***** RECORDS FOR THIS TASK

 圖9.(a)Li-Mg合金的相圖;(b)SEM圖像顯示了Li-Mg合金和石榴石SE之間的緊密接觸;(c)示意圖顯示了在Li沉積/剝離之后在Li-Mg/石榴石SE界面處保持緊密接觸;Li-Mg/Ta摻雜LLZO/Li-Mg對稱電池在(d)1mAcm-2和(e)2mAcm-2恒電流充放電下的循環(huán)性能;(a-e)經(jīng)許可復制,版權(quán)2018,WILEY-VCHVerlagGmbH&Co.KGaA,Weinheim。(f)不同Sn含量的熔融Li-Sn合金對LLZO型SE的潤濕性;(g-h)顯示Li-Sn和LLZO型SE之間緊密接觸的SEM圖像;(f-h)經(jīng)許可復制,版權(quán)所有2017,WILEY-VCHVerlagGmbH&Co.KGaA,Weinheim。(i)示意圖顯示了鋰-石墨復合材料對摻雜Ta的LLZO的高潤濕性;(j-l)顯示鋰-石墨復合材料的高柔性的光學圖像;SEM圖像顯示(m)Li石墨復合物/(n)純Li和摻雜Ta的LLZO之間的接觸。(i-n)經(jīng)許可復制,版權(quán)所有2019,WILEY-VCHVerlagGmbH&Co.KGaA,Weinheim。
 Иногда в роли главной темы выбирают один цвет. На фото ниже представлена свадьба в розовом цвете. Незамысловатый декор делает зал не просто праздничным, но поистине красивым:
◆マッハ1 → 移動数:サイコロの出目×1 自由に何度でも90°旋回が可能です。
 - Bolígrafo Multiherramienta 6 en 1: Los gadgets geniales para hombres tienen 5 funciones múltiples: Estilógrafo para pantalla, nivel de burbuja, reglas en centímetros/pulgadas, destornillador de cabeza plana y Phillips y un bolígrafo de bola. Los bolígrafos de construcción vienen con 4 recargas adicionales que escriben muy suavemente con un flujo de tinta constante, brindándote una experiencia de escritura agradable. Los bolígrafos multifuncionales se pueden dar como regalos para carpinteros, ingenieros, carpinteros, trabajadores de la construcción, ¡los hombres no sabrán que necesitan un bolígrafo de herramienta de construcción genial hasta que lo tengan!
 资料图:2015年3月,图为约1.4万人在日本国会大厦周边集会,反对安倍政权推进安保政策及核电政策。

**********

## TASK INSTRUCTIONS:
Start to finish, copy the material out exactly.

## EXERCISE RESULT:
 圖9.(a)Li-Mg合金的相圖;(b)SEM圖像顯示了Li-Mg合金和石榴石SE之間的緊密接觸;(c)示意圖顯示了在Li沉積/剝離之后在Li-Mg/石榴石SE界面處保持緊密接觸;Li-Mg/Ta摻雜LLZO/Li-Mg對稱電池在(d)1mAcm-2和(e)2mAcm-2恒電流充放電下的循環(huán)性能;(a-e)經(jīng)許可復制,版權(quán)2018,WILEY-VCHVerlagGmbH&Co.KGaA,Weinheim。(f)不同Sn含量的熔融Li-Sn合金對LLZO型SE的潤濕性;(g-h)顯示Li-Sn和LLZO型SE之間緊密接觸的SEM圖像;(f-h)經(jīng)許可復制,版權(quán)所有2017,WILEY-VCHVerlagGmbH&Co.KGaA,Weinheim。(i)示意圖顯示了鋰-石墨復合材料對摻雜Ta的LLZO的高潤濕性;(j-l)顯示鋰-石墨復合材料的高柔性的光學圖像;SEM圖像顯示(m)Li石墨復合物/(n)純Li和摻雜Ta的LLZO之間的接觸。(i-n)經(jīng)許可復制,版權(quán)所有2019,WILEY-VCHVerlagGmbH&Co.KGaA,Weinheim。
 Иногда в роли главной темы выбирают один цвет. На фото ниже представлена свадьба в розовом цвете. Незамысловатый декор делает зал не просто праздничным, но поистине красивым:
◆マッハ1 → 移動数:サイコロの出目×1 自由に何度でも90°旋回が可能です。
 - Bolígrafo Multiherramienta 6 en 1: Los gadgets geniales para hombres tienen 5 funciones múltiples: Estilógrafo para pantalla, nivel de burbuja, reglas en centímetros/pulgadas, destornillador de cabeza plana y Phillips y un bolígrafo de bola. Los bolígrafos de construcción vienen con 4 recargas adicionales que escriben muy suavemente con un flujo de tinta constante, brindándote una experiencia de escritura agradable. Los bolígrafos multifuncionales se pueden dar como regalos para carpinteros, ingenieros, carpinteros, trabajadores de la construcción, ¡los hombres no sabrán que necesitan un bolígrafo de herramienta de construcción genial hasta que lo tengan!
 资料图:2015年3月,图为约1.4万人在日本国会大厦周边集会,反对安倍政权推进安保政策及核电政策。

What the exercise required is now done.